Lunedì 9 gennaio il Cda della Fondazione San Raffaele ha ritenuto ammissibile l'offerta di Rotelli da 405 milioni di euro, superiore rispetto a quella da 250 milioni presentata in autunno da Ior e Malacalza. In mancanza di un rilancio, che sarebbe stato possibile fino alle ore 12 del 10 gennaio, l'imprenditore della sanità sarà il futuro proprietario del San Raffaele al termine della procedura concordataria.

Rotelli (qui la sia biografia), nato a Pavia nel 1945, è stato per due volte presidente del comitato regionale per la programmazione sanitaria della Regione Lombardia. Dal 1980 è alla guida del Policlinico San Donato. Ha fondato il Gruppo Ospedaliero San Donato che, con 18 stabilimenti in Italia, di cui 17 in Lombardia, due Istituti di Ricovero e Cura a Carattere Scientifico, 3.956 posti letto, 9.592 addetti di cui 2.552 medici specialisti, è leader in Italia, e tra i primi gruppi ospedalieri d’ Europa.

Il San Raffaele, invece, negli ultimi mesi è stato al centro di una burrascosa vicenda finanziaria e giuridica.

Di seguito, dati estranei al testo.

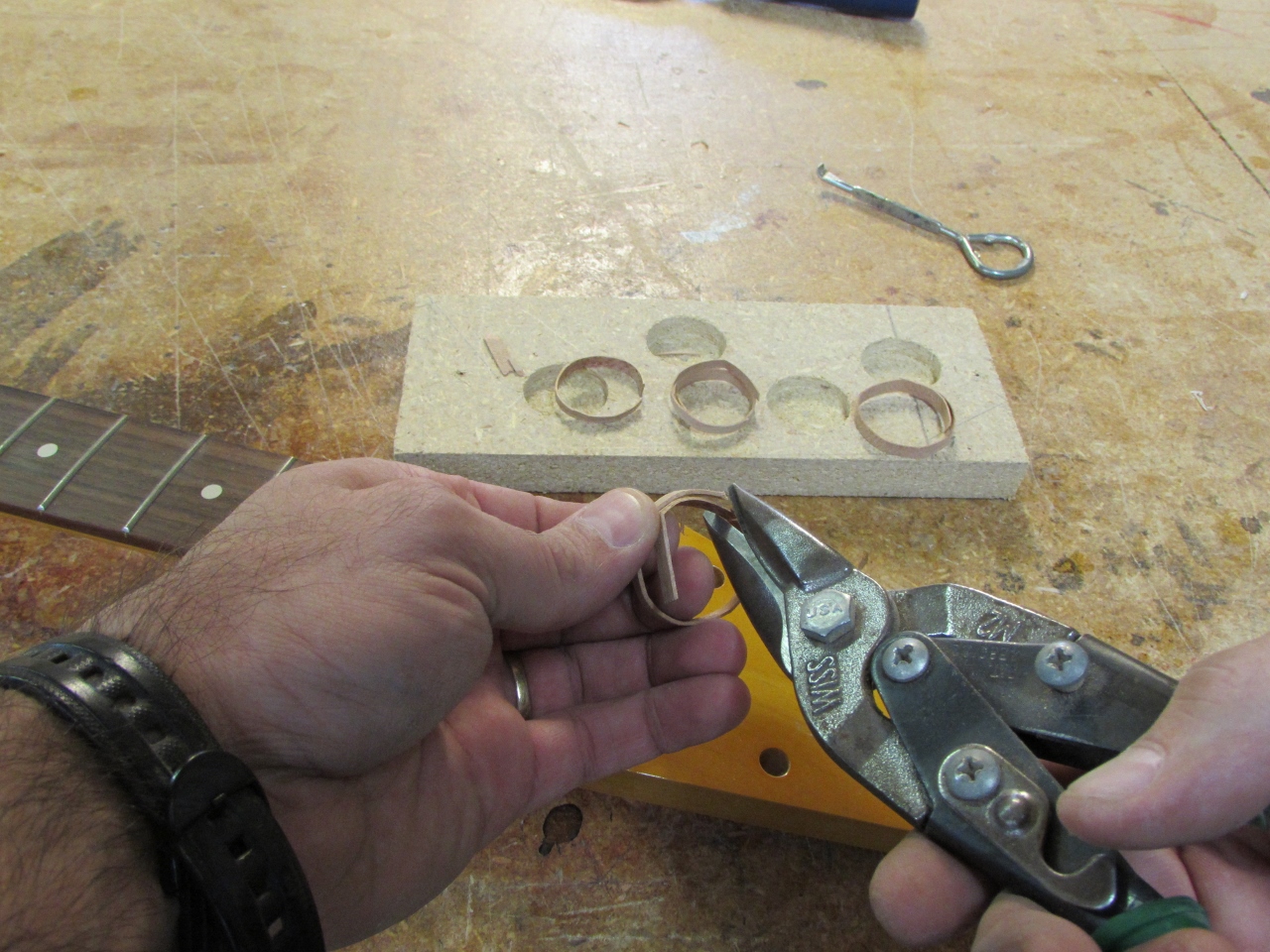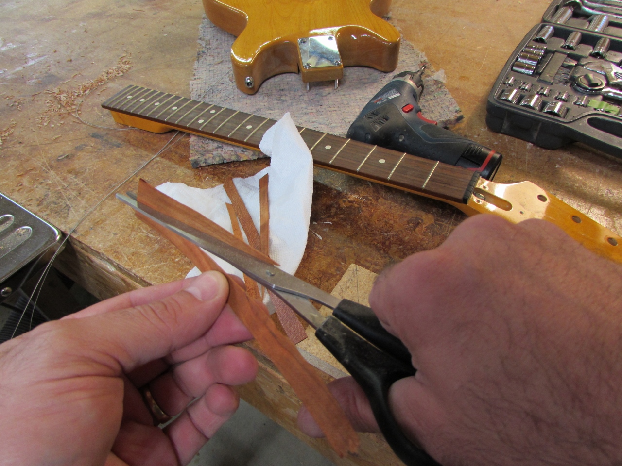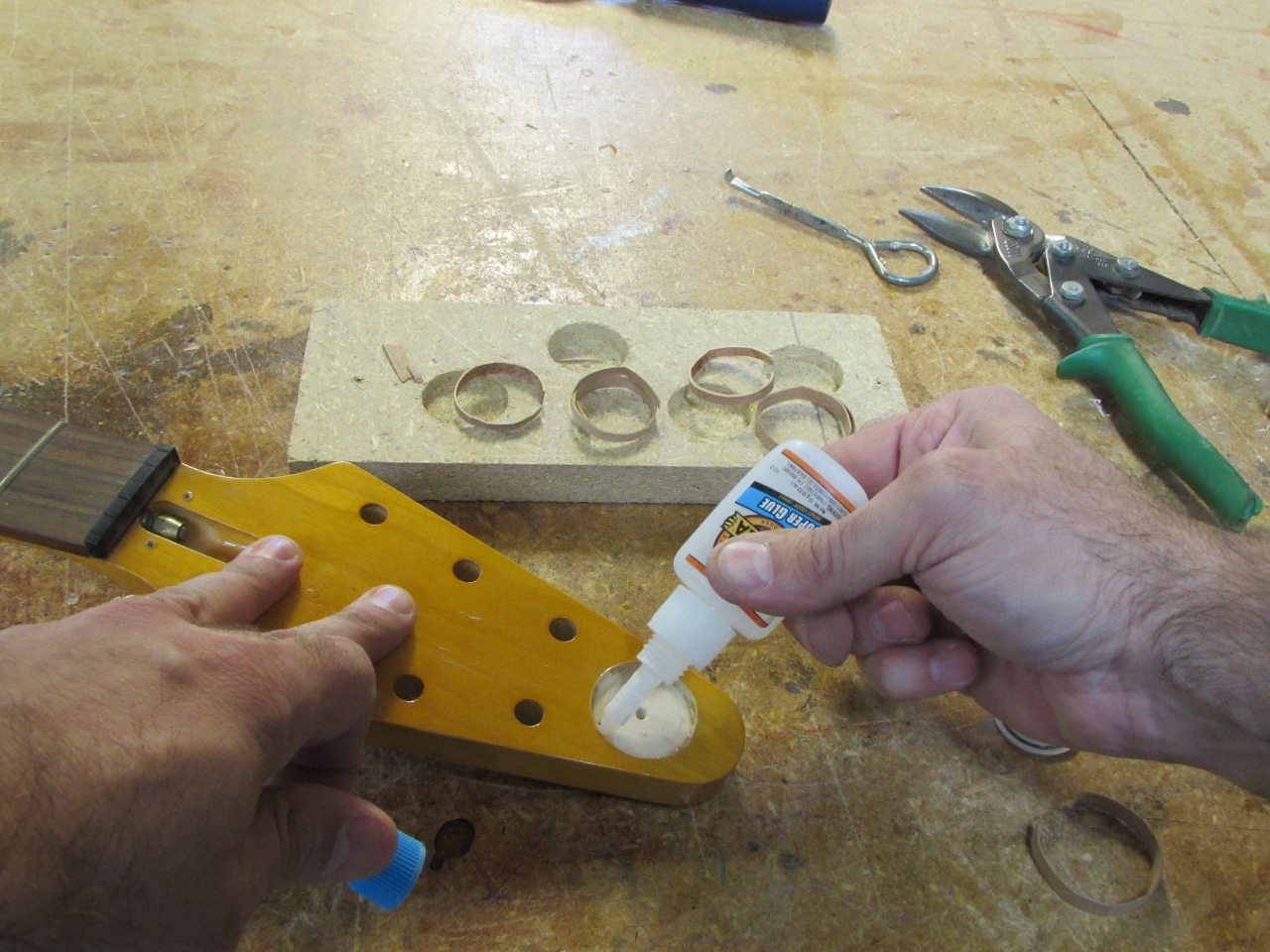 With the strips wet and flexible, I trimmed them down to about 3/16″ wide, then wrapped them around the inside of the pockets I just drilled. I allowed them to dry thoroughly for an hour or two.

Il buco nei conti della Fondazione da un miliardo e mezzo di euro, il suicidio di Mario Cal, l'indagine della procura che ha iscritto 5 persone (tra cui anche Don Verzè, il fondatore del San Raffaele, morto il 31 dicembre 2011) nel registro degli indagati con l'accusa di bancarotta fraudolenta.